Tag Archives: Robert Reich

2017:  The Good, the Bad and the Ugly

I blame the New Yorker.  I kept getting emails in my inbox from them, teasing me with a few of their intelligent, well-written articles and glimpses of the on-point cartoons (“Love them New Yorker cartoons!” frequently writes a Facebook friend.)  So, in the spirit of supporting definitely-not-FAKE NEWS (which also accounts for a subscription to the Washington Post that I can’t really afford right now), I ordered a trial subscription.  (I also, by dint of some clerical error that I won’t be calling to anyone’s attention, received not one but two fantastic New Yorker totes as a thank-you gift.)  The subscription has caused a bit of a problem in that I don’t have enough “free reading” time – I pretty much only ready on the train going into the city once a week, and really only coming home because I tend to nod off on the morning ride – and the New Yorker articles are so dense and just, let’s face it, LONG, so the magazines were just piling up.  I’m only now getting finished with the November 9 issue.  So I discontinued the subscription when it came time to renew at the regular rate (which, needless to say, I can’t afford).

Apart from overloading my limited reading time, the more egregious thing that my New Yorker subscription did was expose me to all that quality writing, which had the effect of shifting my confidence decidedly back into the “I will never write as well as these people” sphere.  So I blame the New Yorker, but that’s only one of many reasons why I seem to have abandoned my blog just short of three years from its inception in March 3, 2015.  It causes me indescribable psychic pain that I wasn’t capable (for whatever reason) of keeping up with my weekly blog posts, and since November I haven’t posted anything at all.  And yet that discomfort hasn’t been painful enough, evidently, because I haven’t done anything to stop it.

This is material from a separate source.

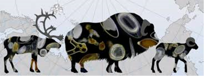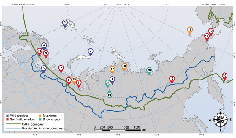 Рисунок, иллюстрирующий географическое расположение точек отбора проб. Фиолетовым цветом обозначены дикие северные олени, красным – домашние, оранжевым – овцебыки, бирюзовым – снежные бараны. Линия цвета хаки обозначает границу Арктики в понимании CAFF (Conservation of Arctic Flora and Fauna – рабочая группа по сохранению биоразнообразия), синяя – согласно АЗРФ (Арктическая зона Российской Федерации).

Is it mere writer’s block?  True, I haven’t been writing much in my journal either.  In fact, I have to force myself, most nights in bed before I fall asleep, to even manage to pen a few quick paragraphs to recount my day and beat myself up over how miserably I’ve failed at keeping up with my writing.  (On the positive side, I’m at least somewhat proud of that meager diligence, and also that I manage to write SOMETHING in my joy book every day, even if it’s “No joy today”.)  It’s also the case that my brain hasn’t been particularly brimming with creative ideas or juicy thoughts ripe for squeezing out on paper.  I’ve basically been BLANK for months.  The things that occupy my gray matter lately fall into three categories:  the good (not much – mostly my kid, my pets and volunteering at the shelter – oh, and actually having a parking spot every time I leave the house); the bad (my money woes, hating a job that I desperately need, lacking an overriding “purpose” to my life and continuing to be somewhat of a hermit); and the supremely ugly (TRUMP and the travesty our government has become in the hands of the Republicans).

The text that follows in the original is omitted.